*Entries shown:*
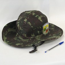 CHAPÉU (TAM 59) COM ESTAMPA DE CAMUFLAGEM DO EXÉRCITO, NAS CORES VERDE E MARROM. POSSUI BROCHE EM PLÁSTICO TRANSPARENTE, COM O BRASÃO DO 'BATALHÃO SERIDÓ' DE 'CAICÓ-RN'.
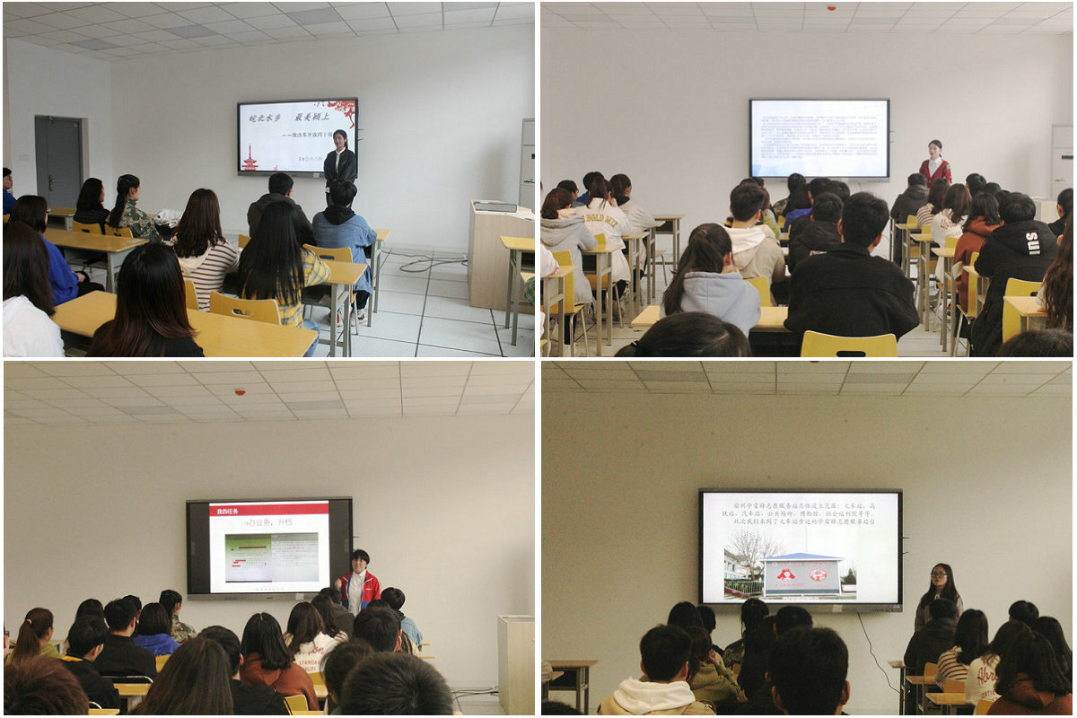会上,社会实践分享者依次用PPT展示了自己的寒假社会实践活动,讲述了自己在实践中的经历与体会。同学们参与社会实践的方式各有不同,有志愿服务类,去敬老院看望老人,火车站旁当志愿者;有改革开放之我见,分享自己和家乡在改革开放中的成长与变化;有回访母校,探望恩师,并向学弟学妹介绍自己的大学,助力宣传我校,客串了一回学校招生志愿宣传员;有专业实践,结合自身专业提前模拟职业角色,反思自己的学业不足。丰富的内容、真挚的情感、深刻的体会,让在场的同学们深受启发,纷纷表示受益匪浅。
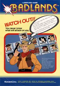 Badlands (バッドランズ) is a video game released and developed by Konami on the LaserDisc system in 1984 and published by both Konami and Centuri. It debuted at the Amusement and Music Operators Association (AMOA) Show in October 1983 and was later released to the public in early 1984.[2][3] In addition to its LaserDisc version, two versions of a Badlands video game cabinet exist, one produced by Konami, and one by Centuri.
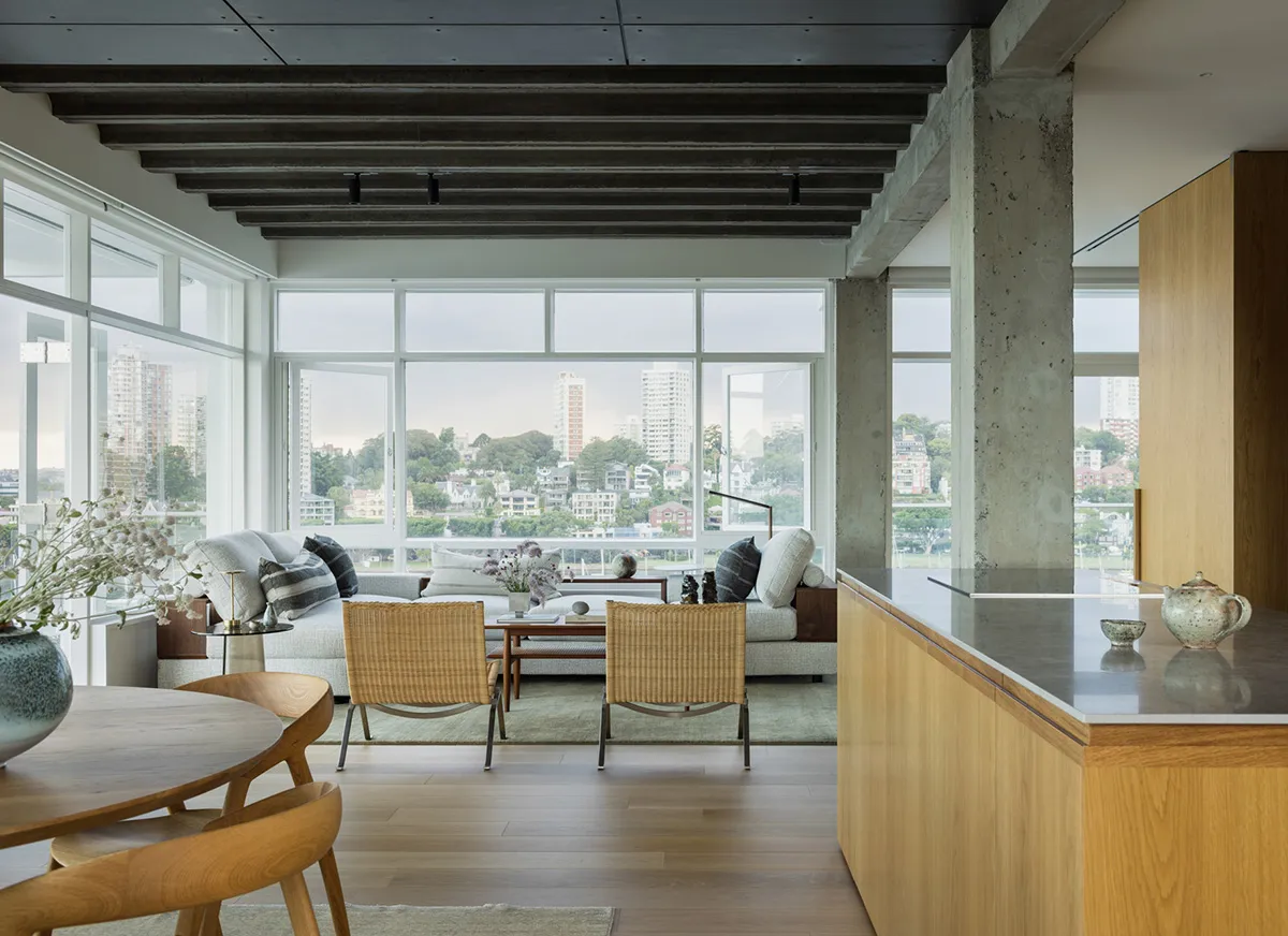 Holz, Beton und Blick auf die Bucht: Wohnung in Sydney
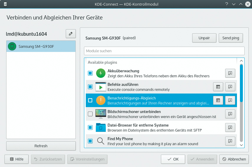 Das Smartphone stumm schalten, sich ganz auf die Arbeit am PC konzentrieren und trotzdem nichts verpassen: KDEConnect verbindet via WLAN eine auf dem Mobiltelefon installierte App mit dem Linux-Desktop. Dort werden zum Beispiel Benachrichtigungen des Smartphones angezeigt, seien es SMS, E-Mails, Twitter-Nachrichten oder der Akkuladestand. Ruft jemand an, erscheint auf dem Desktop eine Meldung.
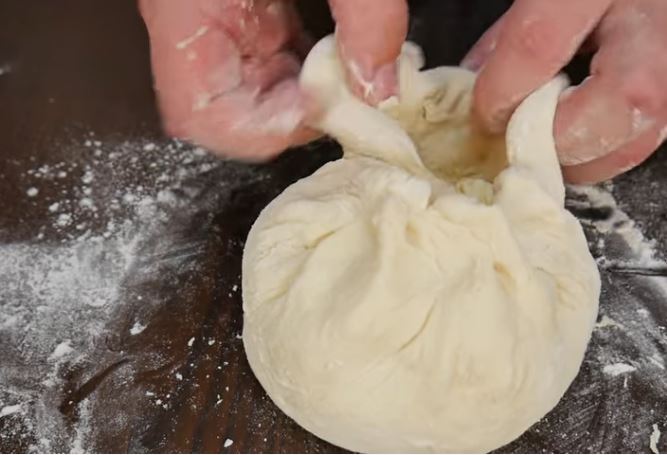 Τοποθετούμε την μια μπάλα τυριού στην μέση της ζύμης και κλείνουμε τη ζύμη μας πιάνοντας γύρω γύρω τις άκρες και τις ενώνουμε (σαν πουγκί) ώστε να κάνουμε πάλι μια μπάλα.
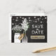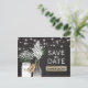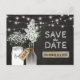 GABARIT DE SAUVEGARDE DE DATE DE LUMIÈRES DE JARRE DE MASON | Un fond de tableau noir rustique, des lumières scintillantes en fil, un pot Mason et une bouteille avec une étiquette-cadeau nouée autour avec les initiales du couple, des fleurs blanches douces, un morceau de bois campagnard et une phrase élégante de sauvegarde de date. Trouvez d'autres cartes postales de sauvegarde de date de campagne sur http://www.zazzle.com/special_stationery
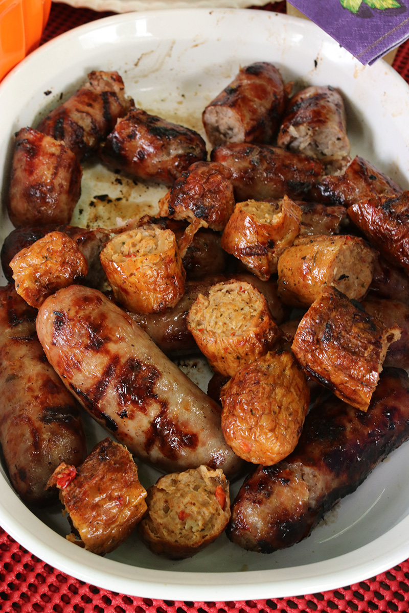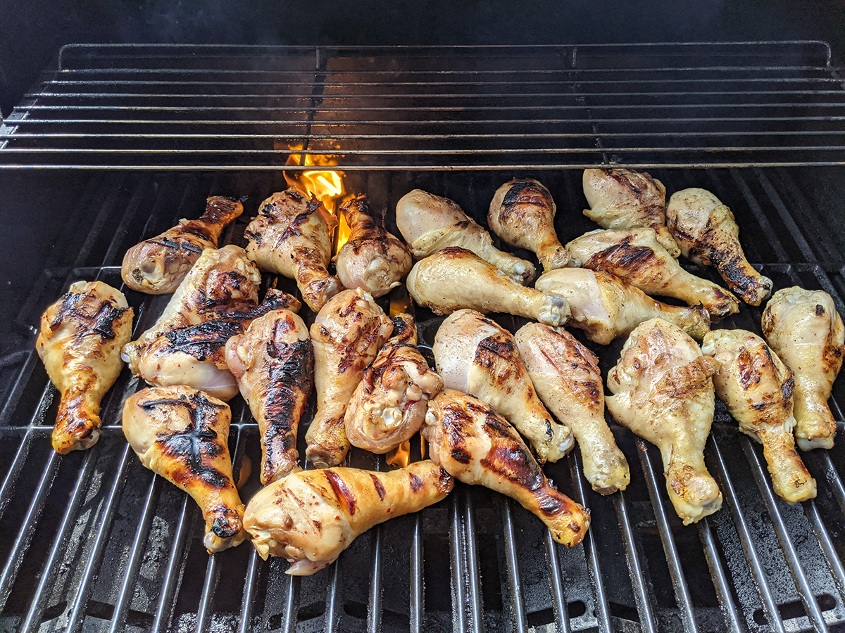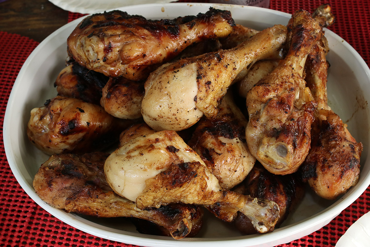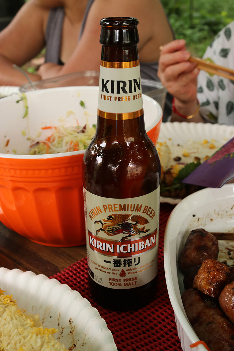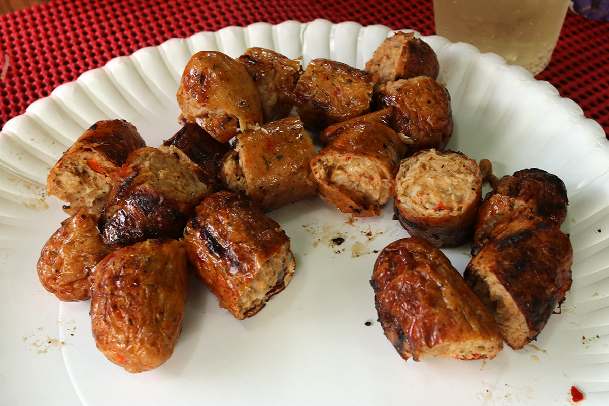 we grilled the drumsticks first. i manned the grill for most of the time, to ensure we get that crispy crust before we turn the grill down to low heat. after the drumsticks were done, we grilled the sausages on high heat. there was a small grease fire as the oil from the sausages dripped down into the gas turrets. my father took over as i went to go eat.
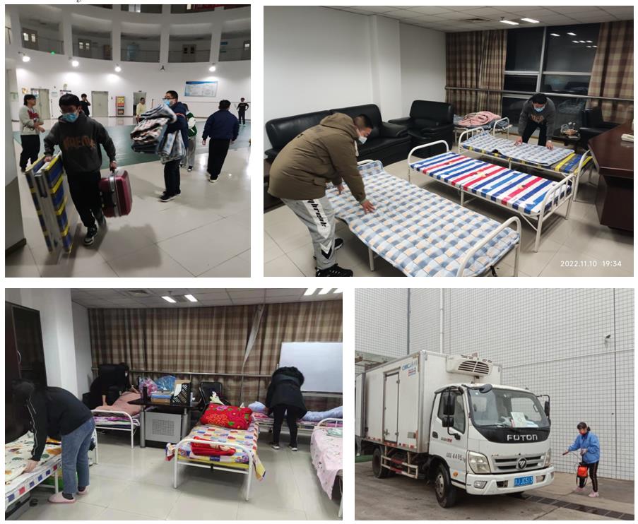疫情就是命令,防控就是責任,在國藥工業黨委的統一部署下,總經理助理趙岳鋒迅速組織已下班的黨員干部職工,落實屬地政府的通知要求,將保供人員協調駐廠封閉管理。此時正是下班時間,部分保供員工還在回家的路上,接到通知后,都來不及在家吃口安穩飯、簡單安排一下家里,就背起行囊再出發。凍干車間班組長程帥甚至沒時間顧上家中兩歲患病的孩子,就義無反顧的返回到工作崗位。大家分工協作,緊張有序,將一張張小床鋪到了公司接待室、報告廳、辦公室、值班室等各個角落。北方初冬的傍晚,夜幕早已灑下來,但每一位努力逆向而行的員工都像一道道最美的光,照亮著國藥工業拼搏進取的道路。就在當天晚上,131名駐廠人員順利集結完畢,堅守在企業里,堅守在崗位上。
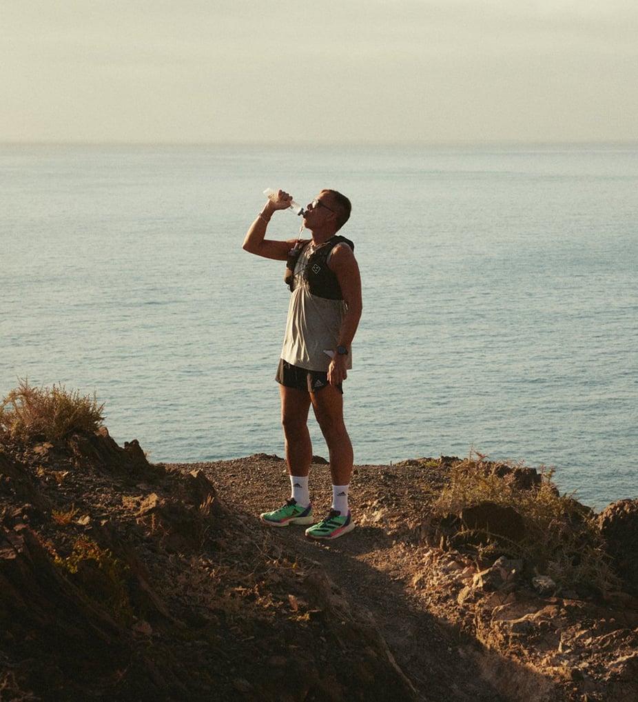 Jag dricker sportdryck från Maurten (Drink Mix 320 och 160) före och under träning. Den förstnämnda innehåller koffein (det är bevisat att koffein kan främja pigghet, minska upplevd ansträngning och smärta) utan att man känner den bittra smaken. Under ett maratonlopp tar jag även gel, som är en koncentrerad kolhydratslösning, från Maurten. När det kommer till just gel är det viktigt att du prövar dig fram. Vi är olika när det gäller vad vi tycker om och vad vår mage tolererar. Efter passet fyller jag på med vätska, kolhydrater och protein.
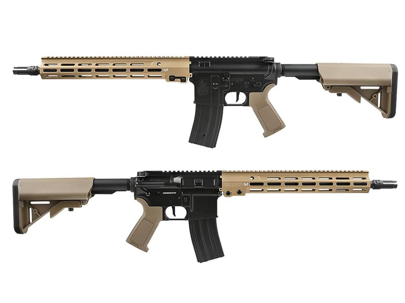 最新鋭ハンドガード、 ガイズリー SMR (Super Modular Rail) MK16 14.5inchタイプハンドガードが搭載されたM4カービン。 USASOC(アメリカ陸軍特殊部隊)が試験的に運用・開発を進めている14.5inchタイプとなっています。
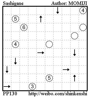 Sashigane's puzzle was originally published in the 134th issue of "Puzzle Communication Nikoli" (March 2011), and it was published as a "half-fixed" puzzle in the 138th issue (March 2012). However, it was not upgraded to a "fixed fan" puzzle in the end, and the 149th issue issued in December 2014 became the last issue of nikoli to publish this puzzle.

*Aim of the exercise:* Print every line above exactly as given, but not the pictures.

*Finished task:*
 CHAPÉU (TAM 59) COM ESTAMPA DE CAMUFLAGEM DO EXÉRCITO, NAS CORES VERDE E MARROM. POSSUI BROCHE EM PLÁSTICO TRANSPARENTE, COM O BRASÃO DO 'BATALHÃO SERIDÓ' DE 'CAICÓ-RN'.
会上,社会实践分享者依次用PPT展示了自己的寒假社会实践活动,讲述了自己在实践中的经历与体会。同学们参与社会实践的方式各有不同,有志愿服务类,去敬老院看望老人,火车站旁当志愿者;有改革开放之我见,分享自己和家乡在改革开放中的成长与变化;有回访母校,探望恩师,并向学弟学妹介绍自己的大学,助力宣传我校,客串了一回学校招生志愿宣传员;有专业实践,结合自身专业提前模拟职业角色,反思自己的学业不足。丰富的内容、真挚的情感、深刻的体会,让在场的同学们深受启发,纷纷表示受益匪浅。
 Badlands (バッドランズ) is a video game released and developed by Konami on the LaserDisc system in 1984 and published by both Konami and Centuri. It debuted at the Amusement and Music Operators Association (AMOA) Show in October 1983 and was later released to the public in early 1984.[2][3] In addition to its LaserDisc version, two versions of a Badlands video game cabinet exist, one produced by Konami, and one by Centuri.
 Holz, Beton und Blick auf die Bucht: Wohnung in Sydney
 Das Smartphone stumm schalten, sich ganz auf die Arbeit am PC konzentrieren und trotzdem nichts verpassen: KDEConnect verbindet via WLAN eine auf dem Mobiltelefon installierte App mit dem Linux-Desktop. Dort werden zum Beispiel Benachrichtigungen des Smartphones angezeigt, seien es SMS, E-Mails, Twitter-Nachrichten oder der Akkuladestand. Ruft jemand an, erscheint auf dem Desktop eine Meldung.
 Τοποθετούμε την μια μπάλα τυριού στην μέση της ζύμης και κλείνουμε τη ζύμη μας πιάνοντας γύρω γύρω τις άκρες και τις ενώνουμε (σαν πουγκί) ώστε να κάνουμε πάλι μια μπάλα.
 GABARIT DE SAUVEGARDE DE DATE DE LUMIÈRES DE JARRE DE MASON | Un fond de tableau noir rustique, des lumières scintillantes en fil, un pot Mason et une bouteille avec une étiquette-cadeau nouée autour avec les initiales du couple, des fleurs blanches douces, un morceau de bois campagnard et une phrase élégante de sauvegarde de date. Trouvez d'autres cartes postales de sauvegarde de date de campagne sur http://www.zazzle.com/special_stationery
 we grilled the drumsticks first. i manned the grill for most of the time, to ensure we get that crispy crust before we turn the grill down to low heat. after the drumsticks were done, we grilled the sausages on high heat. there was a small grease fire as the oil from the sausages dripped down into the gas turrets. my father took over as i went to go eat.
疫情就是命令,防控就是責任,在國藥工業黨委的統一部署下,總經理助理趙岳鋒迅速組織已下班的黨員干部職工,落實屬地政府的通知要求,將保供人員協調駐廠封閉管理。此時正是下班時間,部分保供員工還在回家的路上,接到通知后,都來不及在家吃口安穩飯、簡單安排一下家里,就背起行囊再出發。凍干車間班組長程帥甚至沒時間顧上家中兩歲患病的孩子,就義無反顧的返回到工作崗位。大家分工協作,緊張有序,將一張張小床鋪到了公司接待室、報告廳、辦公室、值班室等各個角落。北方初冬的傍晚,夜幕早已灑下來,但每一位努力逆向而行的員工都像一道道最美的光,照亮著國藥工業拼搏進取的道路。就在當天晚上,131名駐廠人員順利集結完畢,堅守在企業里,堅守在崗位上。
 Jag dricker sportdryck från Maurten (Drink Mix 320 och 160) före och under träning. Den förstnämnda innehåller koffein (det är bevisat att koffein kan främja pigghet, minska upplevd ansträngning och smärta) utan att man känner den bittra smaken. Under ett maratonlopp tar jag även gel, som är en koncentrerad kolhydratslösning, från Maurten. När det kommer till just gel är det viktigt att du prövar dig fram. Vi är olika när det gäller vad vi tycker om och vad vår mage tolererar. Efter passet fyller jag på med vätska, kolhydrater och protein.
 最新鋭ハンドガード、 ガイズリー SMR (Super Modular Rail) MK16 14.5inchタイプハンドガードが搭載されたM4カービン。 USASOC(アメリカ陸軍特殊部隊)が試験的に運用・開発を進めている14.5inchタイプとなっています。
 Sashigane's puzzle was originally published in the 134th issue of "Puzzle Communication Nikoli" (March 2011), and it was published as a "half-fixed" puzzle in the 138th issue (March 2012). However, it was not upgraded to a "fixed fan" puzzle in the end, and the 149th issue issued in December 2014 became the last issue of nikoli to publish this puzzle.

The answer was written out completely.